The CPI’s Eaton says that part of the problem is the increasing numbers of minimally invasive surgeries has spurred development of smaller, more complex instruments made from materials like tungsten, plastic and other polymers – not just steel and glass.  Experts have pointed out that these new tools are harder to clean and require more detailed instructions from the manufacturers. The FDA requires surgical instrument manufacturers to provide cleaning instructions for each tool. But with rapid advances in surgical procedures over the past few decades some say these cleaning instructions have failed to keep up with the changing landscape of the industry.

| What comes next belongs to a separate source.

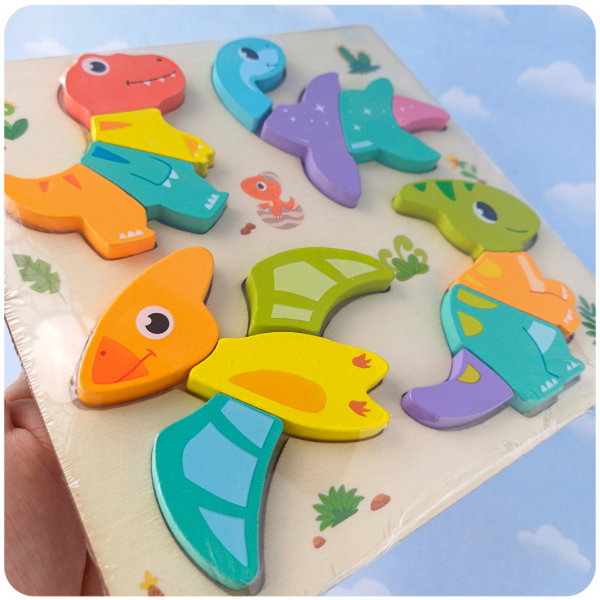 Con Dino Puzzle, los más chiquitos de la casa pueden viajar en el tiempo mientras arman a sus dinosaurios favoritos. Este tablero cuenta con 4 dinosaurios diferentes, cada uno diseñado con colores vibrantes y piezas fáciles de manipular. Al ser piezas con volumen, facilitan el agarre y permiten que el niño se concentre en lo más importante: ¡armar su propia aventura jurásica!
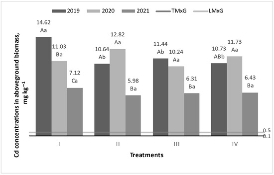 Cd concentrations in aboveground biomass (mg kg−1) across treatments and study years. Means sharing the same capital letter (across years) or lowercase letter (across treatments) are not significantly different (Fisher’s test, p < 0.05). Abbreviations: I—control; II—sludge; III—mycorrhiza; IV—MxG ash. TMxG—Typical value of Cd for combustion of MxG in solid biofuel production; LMxG—Limit value for content of Cd in pellets.

“Theoretically, if a device is truly impossible to clean, it should never end up on the marketplace,” said Eaton.

Moreover, the testing of these reprocessing procedures are conducted in laboratories, not in the real world.  This helps explain Azizi’s results in which 100 percent of suction tools he looked at were contaminated. 

In a statement to NBC, the Advanced Medical Technology Association (AdvaMed) responded that proper reprocessing of reusable medical devices is a shared responsibility between the FDA, device manufacturers, health care facilities and physicians.

“The medical technology industry is committed to providing patients with safe and effective medical devices and diagnostics," according to the AdvaMed statement. "Reprocessing of reusable medical devices is done in accordance with strict FDA requirements to ensure their safe and effective use. FDA requires manufacturers to provide health care facilities and physicians detailed instructions for the cleaning and sterilization of reusable medical devices. And manufacturers are required to validate that these instructions will result in clean, sterile devices."

Some experts say the system is flawed and what’s needed is tighter regulation from the government, manufacturers and hospitals -- as well as better communication.  In the meantime, patients like Harrison are left with debilitating and lifelong repercussions. What was supposed to be a surgery that would improve his life has led to seven other surgeries. He now lives in constant pain, without the full use of his arm. Harrison says, “It’s changed my life …every aspect of it.”